● EXERCISE REQUIREMENTS: An exact copy is needed of the lines in the entries below from the line with "Clywenss 502XL 502" up to and including the line with "With projected energy", and of nothing else. Leave the pictures out.

● PROVIDED RECORDS:
· · · · · · ·

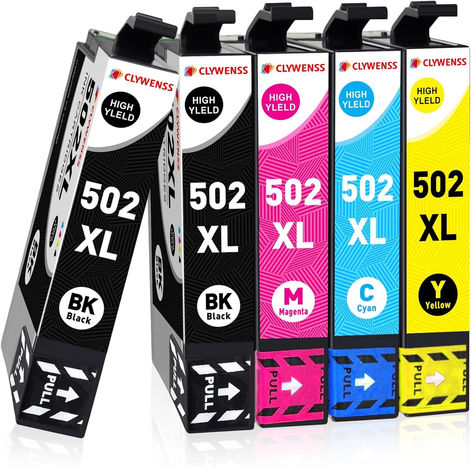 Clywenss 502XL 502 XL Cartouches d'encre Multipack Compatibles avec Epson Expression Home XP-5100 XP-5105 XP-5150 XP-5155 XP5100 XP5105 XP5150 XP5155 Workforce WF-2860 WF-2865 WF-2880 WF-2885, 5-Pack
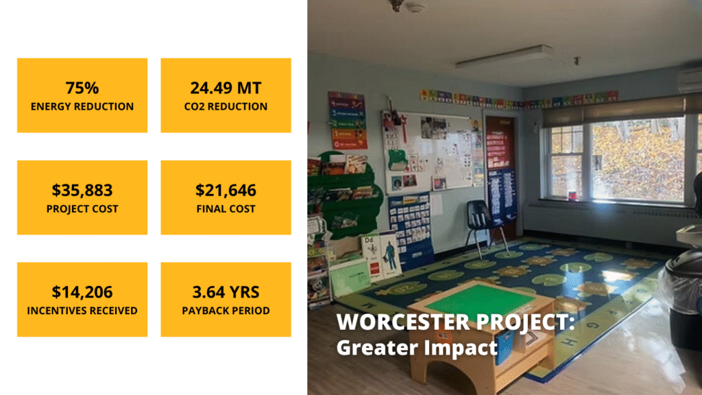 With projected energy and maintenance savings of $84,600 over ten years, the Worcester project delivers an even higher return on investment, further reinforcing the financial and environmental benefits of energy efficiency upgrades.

· · · · · · ·

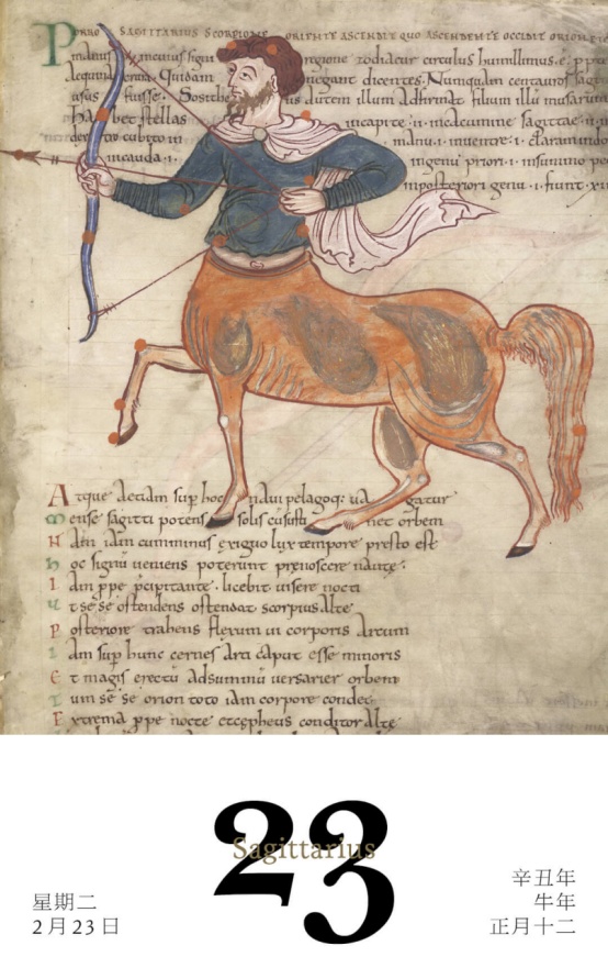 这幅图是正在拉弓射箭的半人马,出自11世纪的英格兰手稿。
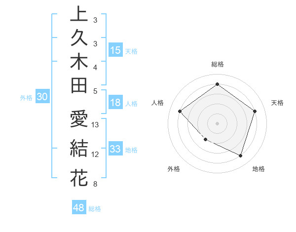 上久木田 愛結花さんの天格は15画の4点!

· · · · · · ·

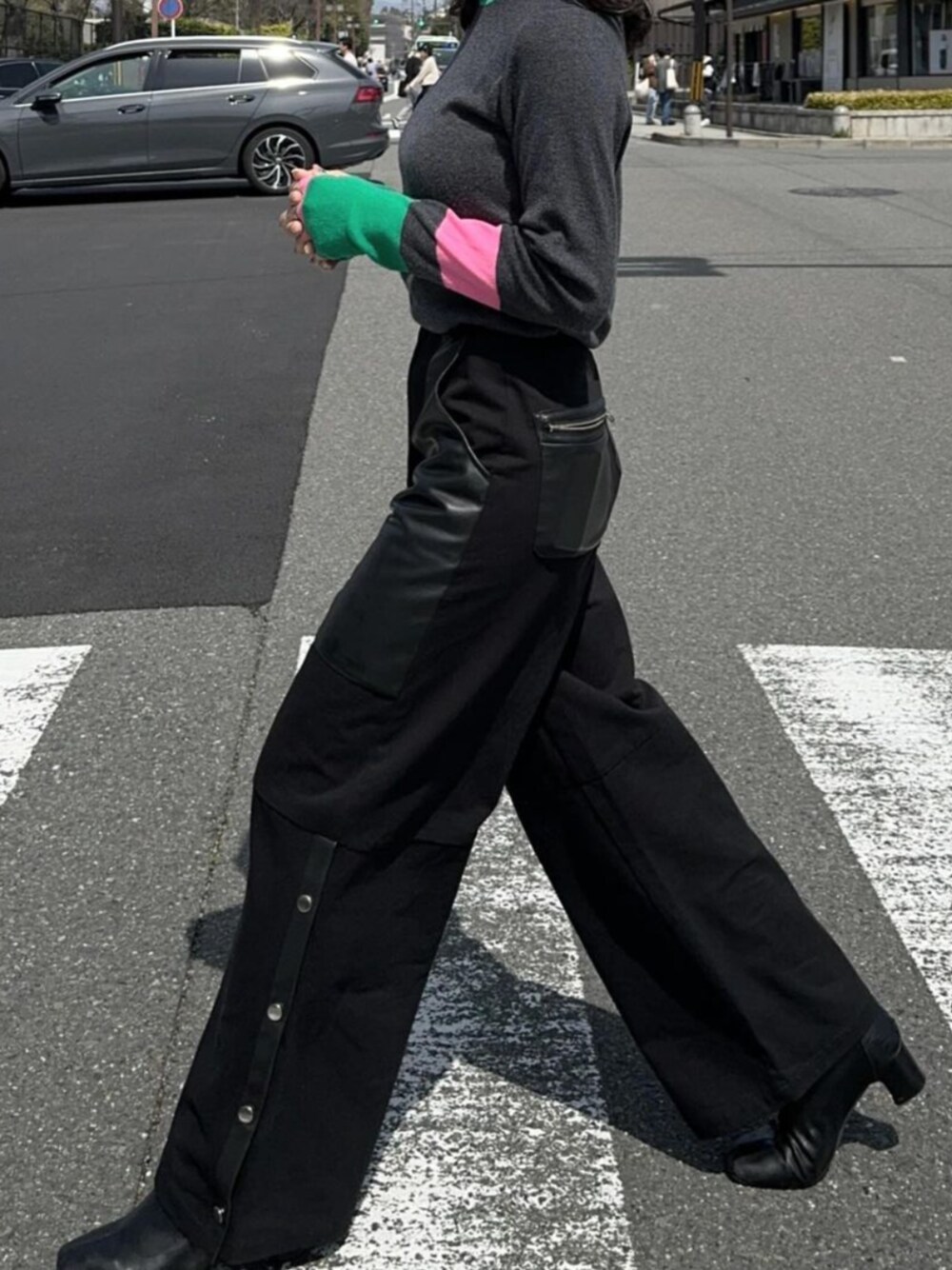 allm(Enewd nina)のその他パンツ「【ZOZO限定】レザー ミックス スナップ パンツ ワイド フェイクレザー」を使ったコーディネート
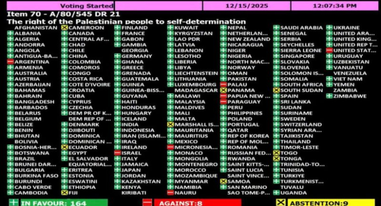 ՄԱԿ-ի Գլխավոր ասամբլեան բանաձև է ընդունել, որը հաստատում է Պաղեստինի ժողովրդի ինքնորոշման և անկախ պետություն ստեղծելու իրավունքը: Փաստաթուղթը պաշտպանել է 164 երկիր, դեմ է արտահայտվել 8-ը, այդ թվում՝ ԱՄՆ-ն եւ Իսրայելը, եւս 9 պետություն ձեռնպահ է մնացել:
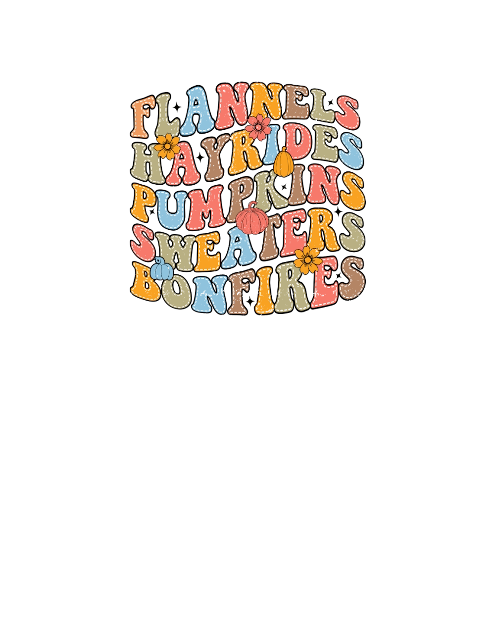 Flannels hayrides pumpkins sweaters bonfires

· · · · · · ·

● THE COMPLETED TASK:
 Clywenss 502XL 502 XL Cartouches d'encre Multipack Compatibles avec Epson Expression Home XP-5100 XP-5105 XP-5150 XP-5155 XP5100 XP5105 XP5150 XP5155 Workforce WF-2860 WF-2865 WF-2880 WF-2885, 5-Pack
 With projected energy and maintenance savings of $84,600 over ten years, the Worcester project delivers an even higher return on investment, further reinforcing the financial and environmental benefits of energy efficiency upgrades.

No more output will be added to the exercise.